Factors are substituted using their names specified in the design. For example, if the value of FactorA
should be passed as an argument to my_script.sh
, the script specified in the pipeline step should be written as my_script.sh {% FactorA %}
- doepipeline will then substitute the template with the value of the factor according to the experimental design.
design:
# The type of design to use.
type: ccf
factors:
# Specify each factor that you wish to use in the optimization.
# Change the names to your liking.
FactorA:
min: 0.0 # Global minimum value.
max: 40.0 # Global maximum value.
low_init: 0.0 # Initial low setting.
high_init: 20.0 # Initial high value.
type: quantitative # The type of factor.
FactorB:
min: 0
max: 10
low_init: 3
high_init: 7
type: ordinal
FactorC:
# For a categorical (qualitative) factor, specify the different categories like this:
values:
- 'stringent_filter'
- 'lenient_filter'
- 'no_filter'
type: categorical
responses:
# Specify each response that you wish to use in the optimization.
# Change the names to your liking.
ResponseA:
criterion: maximize # Maximize/minimize
# File where final results are written.
results_file: my_results.txt
# The working directory where all run files will be written.
working_directory: ~/my_work_directory
pipeline:
# Specifies order of pipeline steps/jobs.

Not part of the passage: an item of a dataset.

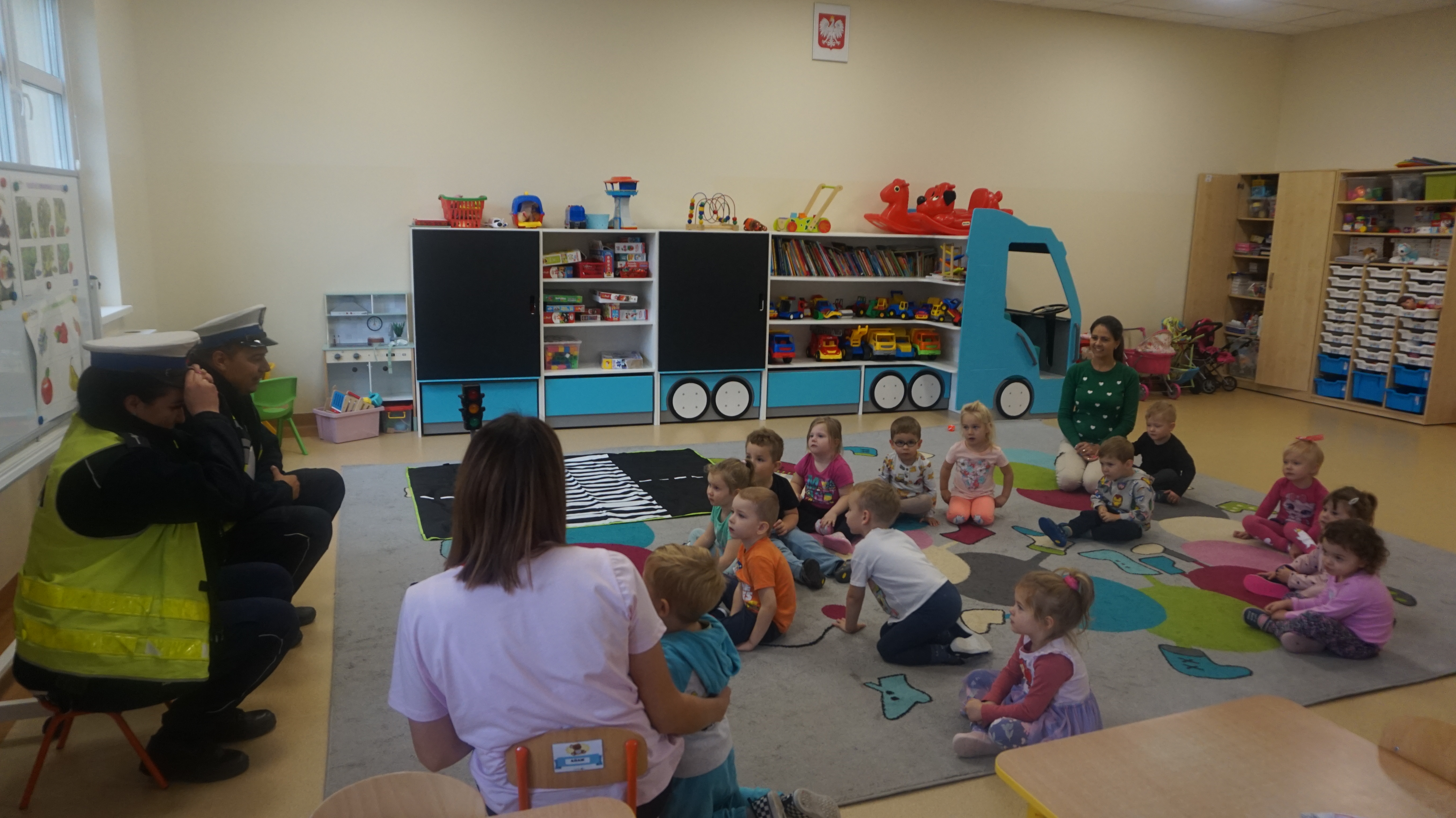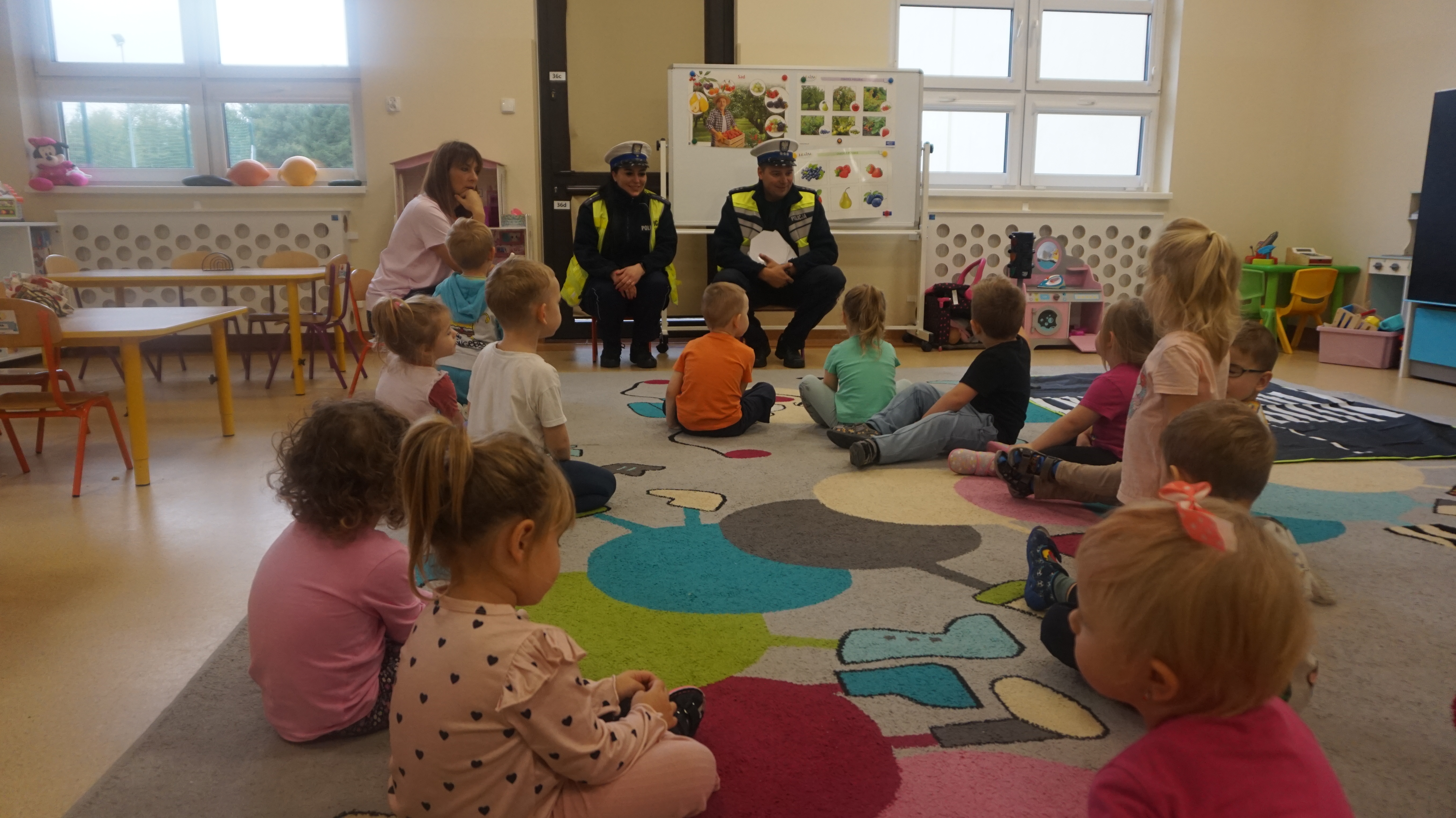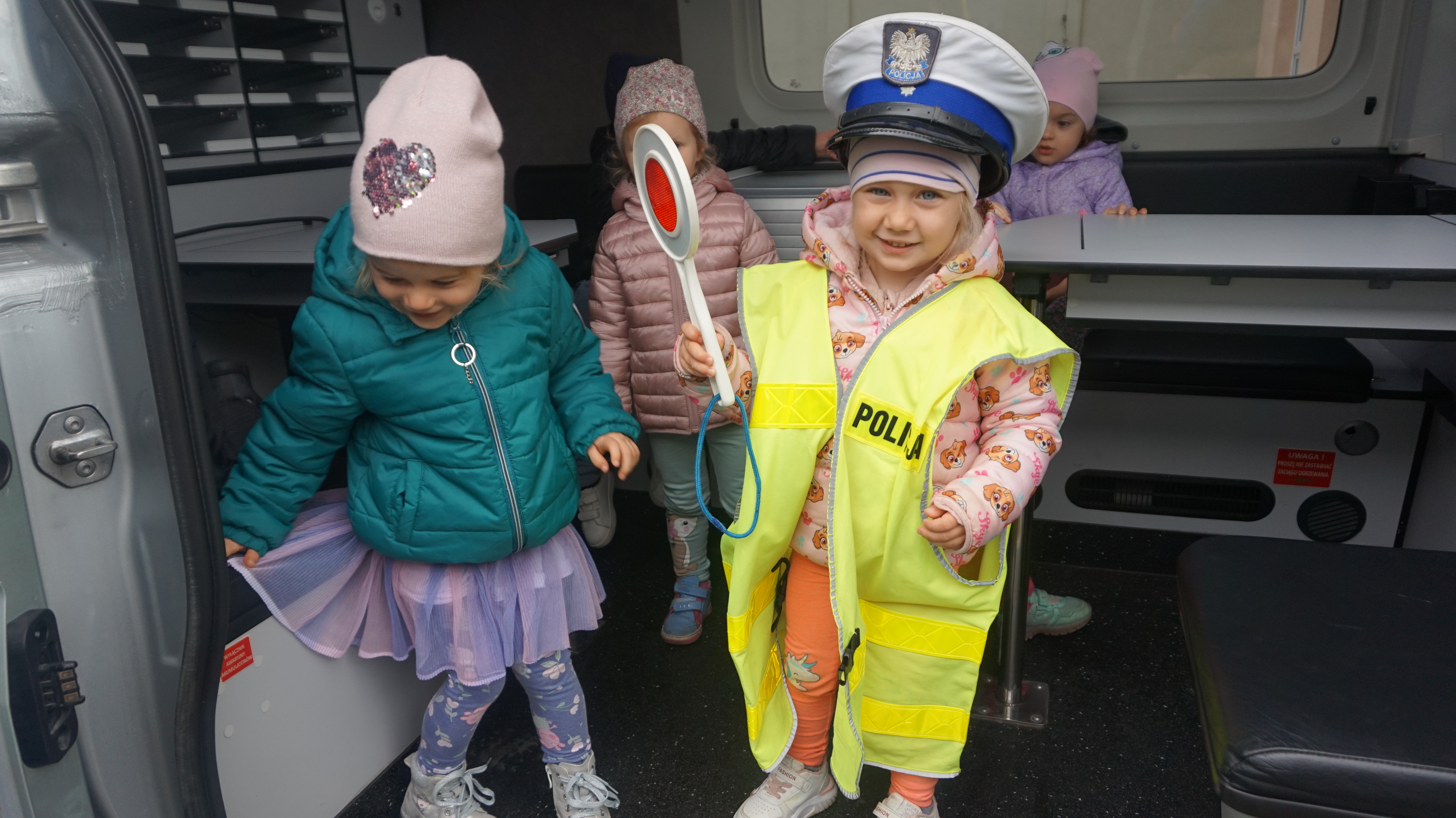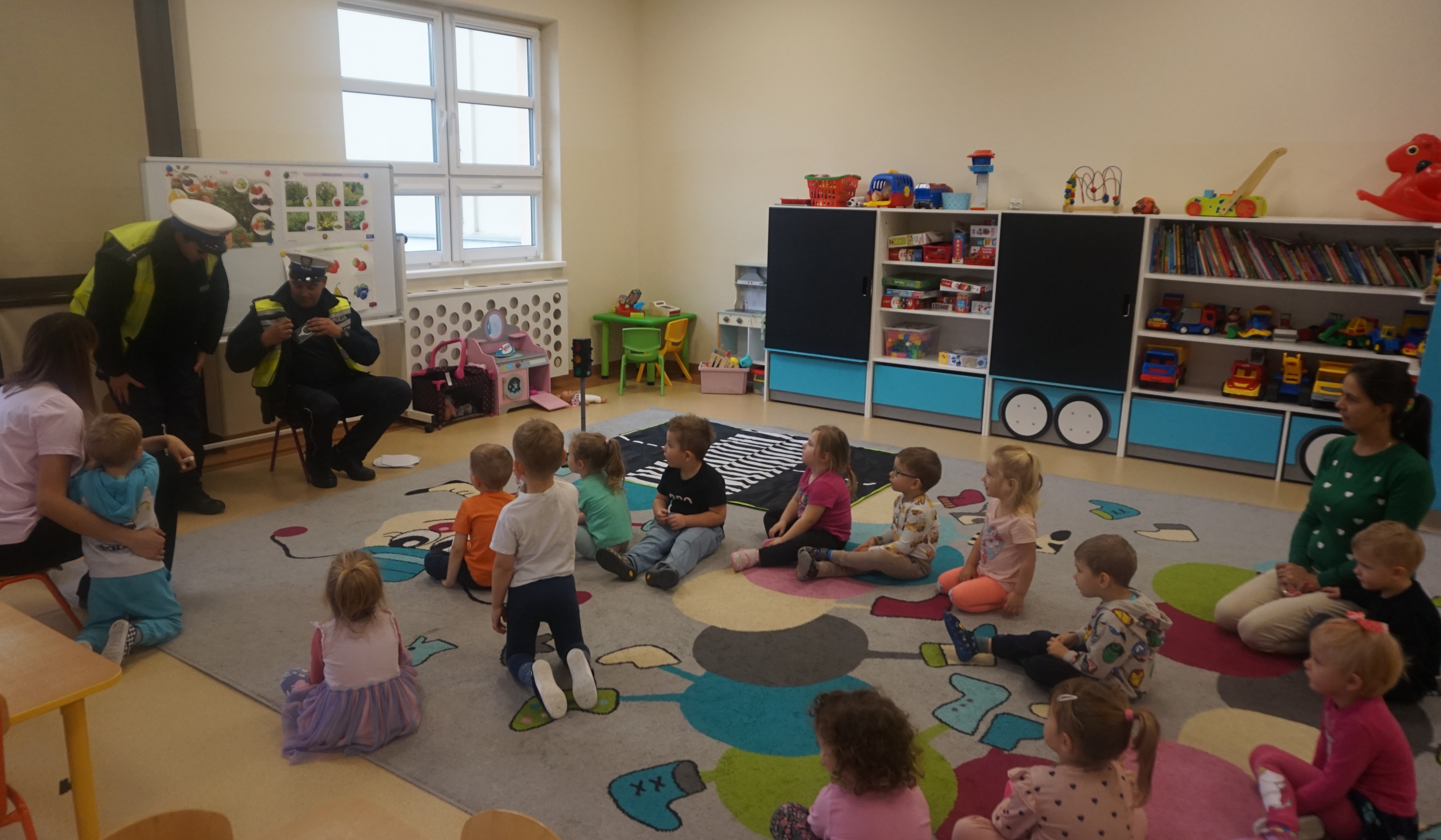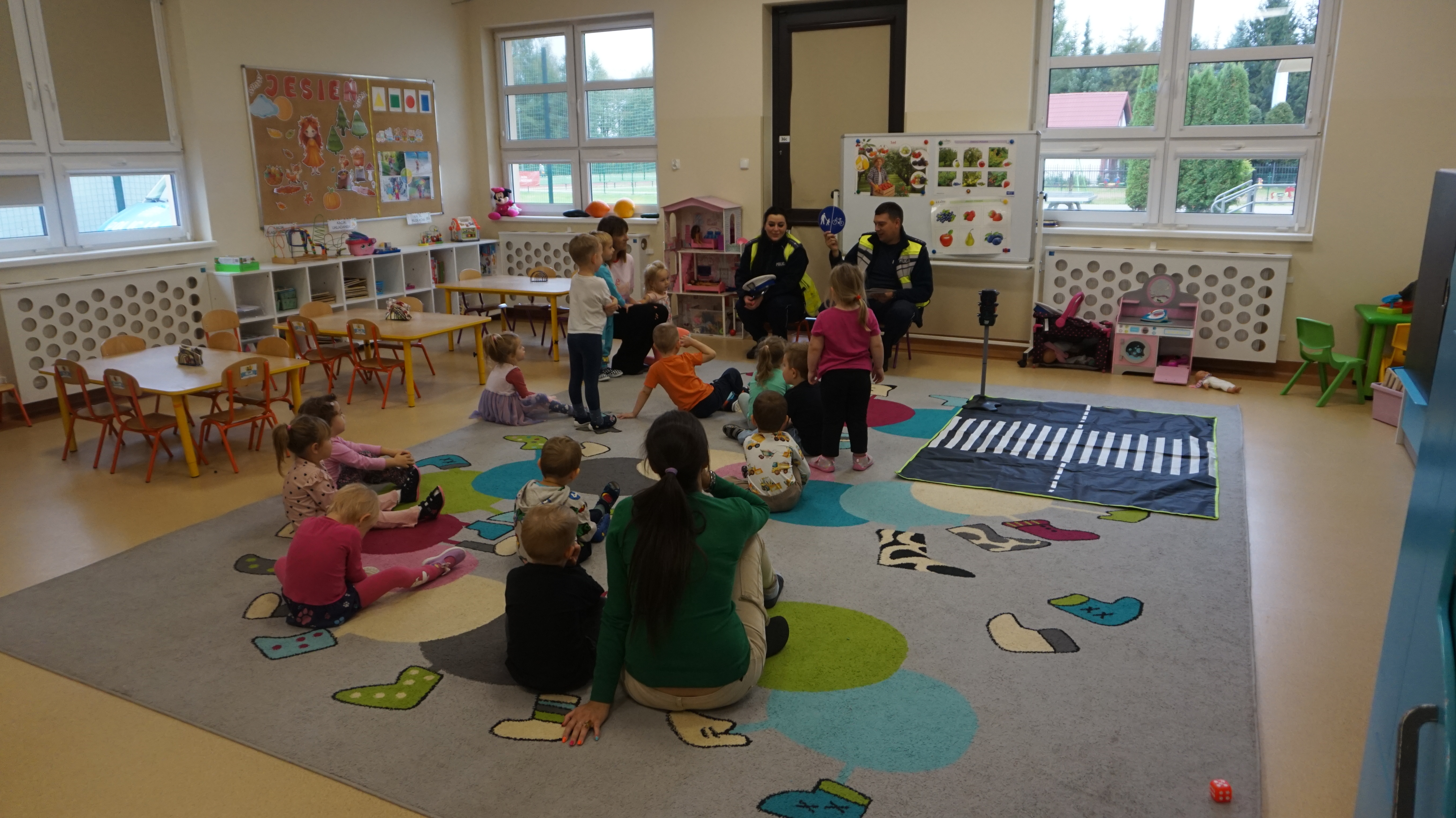 Nasze przedszkole odwiedzili wyjątkowi goście – policjanci z ostródzkiej komendy! Dzieci dowiedziały się, jak bezpiecznie poruszać się po drodze, jak reagować w sytuacjach zagrożenia oraz kogo prosić o pomoc. Najwięcej emocji wzbudziła możliwość obejrzenia z bliska radiowozu policyjnego oraz motocyklu, przymierzenia czapki i włączenie syren. To była niezwykle ciekawa i pouczająca lekcja bezpieczeństwa. Dziękujemy naszym gościom za wizytę!

These names must match the job-names below.
- MyFirstJob
- MySecondJob
- MyThirdJob
MyFirstJob:
# The script that will be executed is specified here.
script: >
bash my_first_script.sh --parameter {% FactorA %}
factors:
# The factors must match the factors in the design section above.
FactorA:
substitute: true
MySecondJob:
# The script can be multi-line. First activate a conda environment, then execute my_program
script: >
activate my_conda_env && \
my_program \
--parameter1 {% FactorB %} \
--parameter2 {% FactorC}
factors:
FactorB:
substitute: true
FactorC:
substitute: true
# This pipeline step should be run through SLURM.
# Set the slurm parameters as you would otherwise do.
slurm:
A: <PROJECT>
c: 2
t: 00:40:00
o: second_job_slurm.out
e: second_job_slurm.error
MyThirdJob:
# Make sure to save the response to the results_file.
script: >
python make_output.py -o {% results_file %}